Backers say the decommissioning - which will require federal approval - would be the largest and most complex dam removal in the United States.

“We’re about to make changes to the Klamath basin that will be observable from space,’’ said Craig Tucker of the Karuk Tribe of American Indians.

For PacifiCorp, consenting to the end of the J.C. Boyle, Copco Nos. 1 and 2, and Iron Gate dams ultimately was a business decision. The utility, a subsidiary of billionaire investor Warren Buffett’s Berkshire Hathaway empire, faced litigation and expensive relicensing requirements for the dams, the oldest of which dates to 1918.

“As a utility we don’t typically take dams out,’’ said PacifiCorp’s Dean Brockbank. “We have achieved an agreement that is in the best interest of our customers - the lowest cost and risk compared to the alternative.’’

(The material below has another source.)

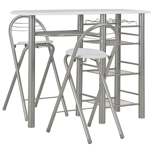 3-tlg. Klappbare Essgruppe mit Ablagefach MDF und Stahl Weiß

Under the draft settlement, which the parties hope to sign by the end of the year, PacifiCorp would continue to operate the dams until 2020. Then they would transfer the facilities to another entity for dismantling.

The settlement terms call for PacifiCorp ratepayers to pay a surcharge to finance a company contribution of up to $200 million for dam removal and river channel restoration. The state of California would provide as much as $250 million in bonds.